* [WORK TO COMPLETE]: All entries are to be transcribed verbatim, but images are not carried over.

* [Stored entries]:
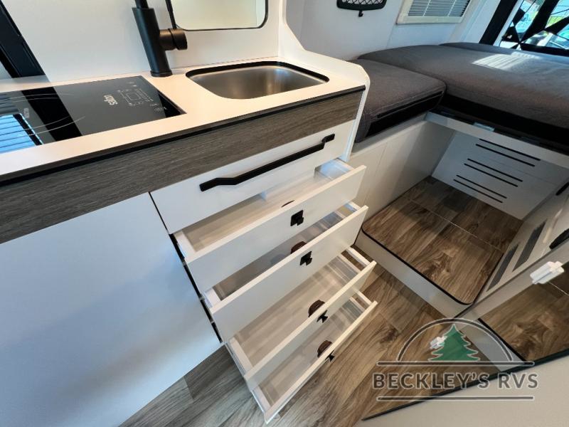 The Roadtrek Westfalia Wave Pop Top is a perfect choice - small size but packed wtih features and ready for fun! The interior features a well-equipped kitchen with microwave, 2-burner cooktop, and 3.2 cubic foot refrigerator. There's plenty of storage with 17 different cabinets and drawers, featuring clever solutions for all your belongings. At night there's the rear convertible bed, which can be equipped with a king or queen mattress, the bench/bed in the dining area, and the pop top roof with its own mattress. Screen window with roll shades mean you can enjoy the breeze without the bugs.
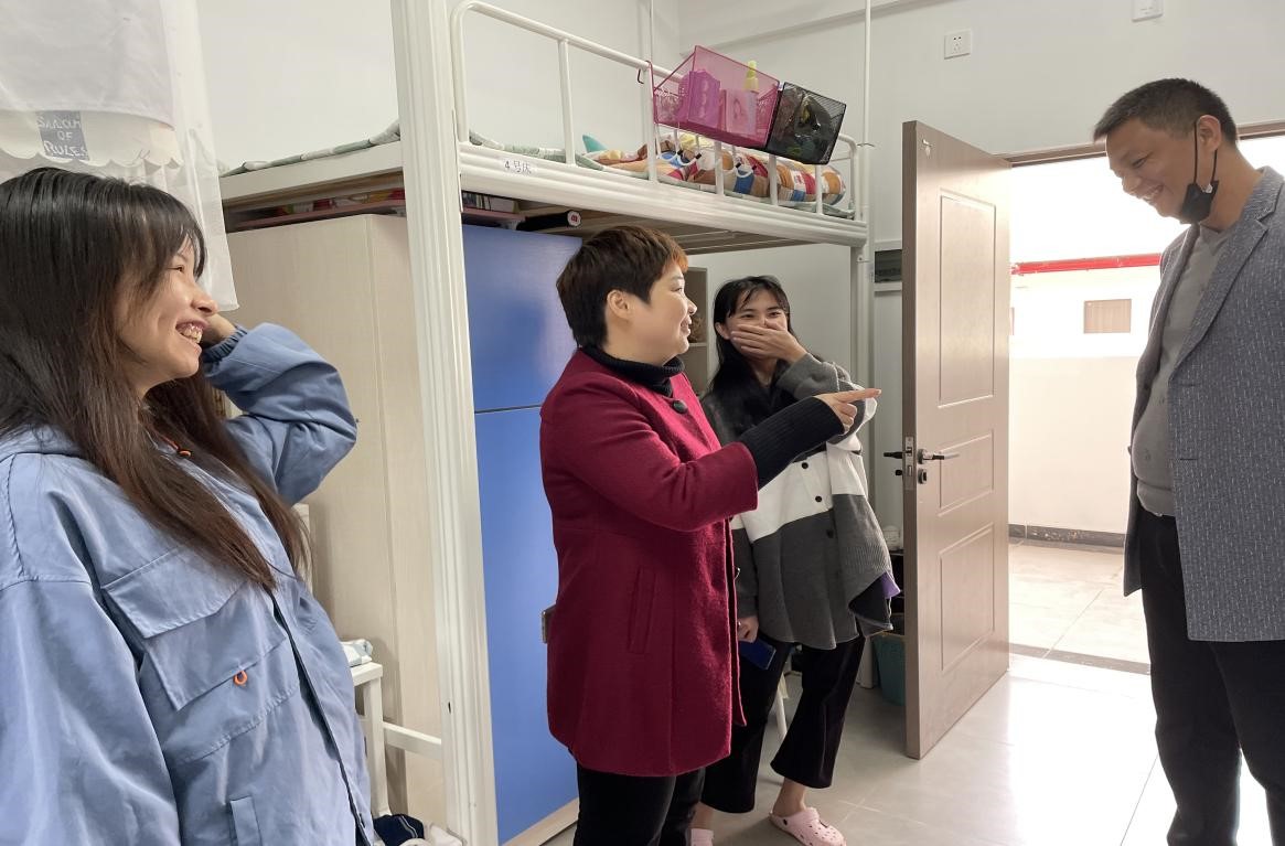 在推动创建文明宿舍的工作中,2月25日至26日,公司领导王华伟副书记带领辅导员深入员工宿舍区进行卫生检查和指导。在走访过程中,王华伟副书记亲切的与同学们进行沟通交流,及时了解和处理员工诉求,关心员工们的宿舍生活情况,并强调宿舍防疫和安全用电。王华伟副书记深切嘱咐大家,宿舍是彼此共同成长的第二个家,要始终保持干净整洁,共同为在校学习生活创建良好环境。
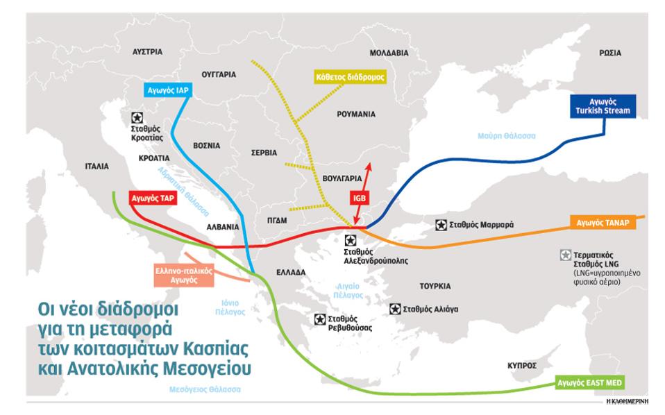 Η αγορά της Ασίας για την κάλυψη των αυξανόμενων αναγκών σε Κίνα και Ινδία, ο ενεργειακός τομέας των οποίων έχει μπει σε πορεία σταδιακής αποανθρακοποίησης, είναι η βασική επιλογή των πετρελαϊκών, με πρώτο σταθμό την ελλειμματική –και εξαρτώμενη σε ποσοστό 50% από τη Ρωσία– αγορά της Τουρκίας. Η σημερινή παραγωγή φυσικού αερίου στην περιοχή της ΝΑ Ευρώπης και τα βεβαιωμένα μέχρι σήμερα αποθέματα δεν επιτρέπουν ασφαλή επιλογή διαδρομής για την έξοδο του φυσικού αερίου. Το τοπίο αναμένεται να ξεκαθαρίσει περισσότερο μέσα στο 2017, καθώς έχουν προγραμματιστεί νέες γεωτρήσεις σε Κύπρο και Αίγυπτο.
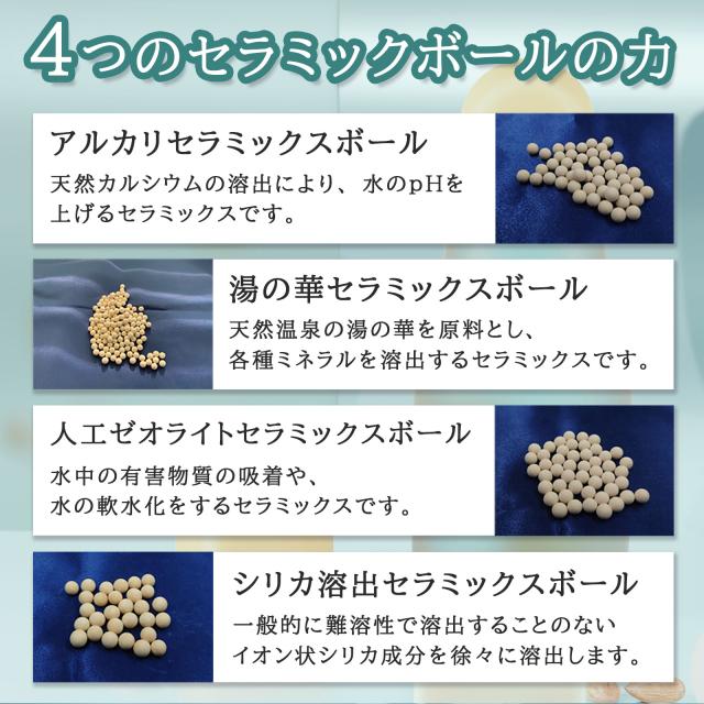 【成分】アルカリセラミックスボール8g、湯の華セラミックスボール2g、シリカ溶出セラミックスボール3g、人工ゼオライトセラミックスボール4g
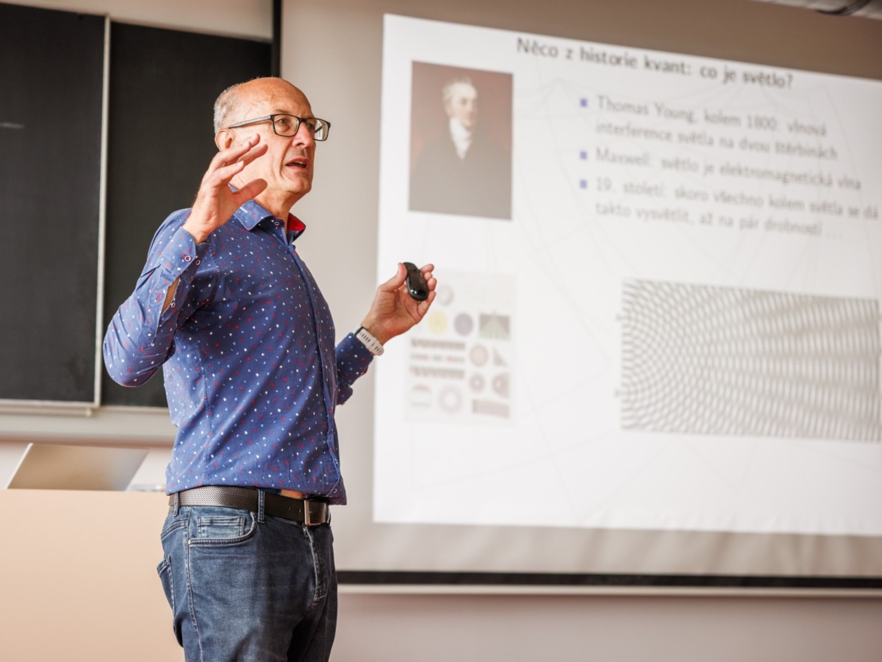 Doktorandka z katedry optiky společně s Vojtěchem Kalou připravila úvodní přednášku nazvanou Od senné rýmy po kvantové technologie: století, které změnilo fyziku. Historický kontext svou přednáškou doplnil Tomáš Opatrný, který se zároveň dotkl záhad, které kvantová fyzika skrývá. Lukáš Slodička poté předvedl, jak dnes vědci zkoumají interakci záření a látky či jak zachytit jednotlivé atomy v pasti a k čemu je lze poté využít.

* [ANSWER TO THE PROBLEM]:
 The Roadtrek Westfalia Wave Pop Top is a perfect choice - small size but packed wtih features and ready for fun! The interior features a well-equipped kitchen with microwave, 2-burner cooktop, and 3.2 cubic foot refrigerator. There's plenty of storage with 17 different cabinets and drawers, featuring clever solutions for all your belongings. At night there's the rear convertible bed, which can be equipped with a king or queen mattress, the bench/bed in the dining area, and the pop top roof with its own mattress. Screen window with roll shades mean you can enjoy the breeze without the bugs.
 在推动创建文明宿舍的工作中,2月25日至26日,公司领导王华伟副书记带领辅导员深入员工宿舍区进行卫生检查和指导。在走访过程中,王华伟副书记亲切的与同学们进行沟通交流,及时了解和处理员工诉求,关心员工们的宿舍生活情况,并强调宿舍防疫和安全用电。王华伟副书记深切嘱咐大家,宿舍是彼此共同成长的第二个家,要始终保持干净整洁,共同为在校学习生活创建良好环境。
 Η αγορά της Ασίας για την κάλυψη των αυξανόμενων αναγκών σε Κίνα και Ινδία, ο ενεργειακός τομέας των οποίων έχει μπει σε πορεία σταδιακής αποανθρακοποίησης, είναι η βασική επιλογή των πετρελαϊκών, με πρώτο σταθμό την ελλειμματική –και εξαρτώμενη σε ποσοστό 50% από τη Ρωσία– αγορά της Τουρκίας. Η σημερινή παραγωγή φυσικού αερίου στην περιοχή της ΝΑ Ευρώπης και τα βεβαιωμένα μέχρι σήμερα αποθέματα δεν επιτρέπουν ασφαλή επιλογή διαδρομής για την έξοδο του φυσικού αερίου. Το τοπίο αναμένεται να ξεκαθαρίσει περισσότερο μέσα στο 2017, καθώς έχουν προγραμματιστεί νέες γεωτρήσεις σε Κύπρο και Αίγυπτο.
 【成分】アルカリセラミックスボール8g、湯の華セラミックスボール2g、シリカ溶出セラミックスボール3g、人工ゼオライトセラミックスボール4g
 Doktorandka z katedry optiky společně s Vojtěchem Kalou připravila úvodní přednášku nazvanou Od senné rýmy po kvantové technologie: století, které změnilo fyziku. Historický kontext svou přednáškou doplnil Tomáš Opatrný, který se zároveň dotkl záhad, které kvantová fyzika skrývá. Lukáš Slodička poté předvedl, jak dnes vědci zkoumají interakci záření a látky či jak zachytit jednotlivé atomy v pasti a k čemu je lze poté využít.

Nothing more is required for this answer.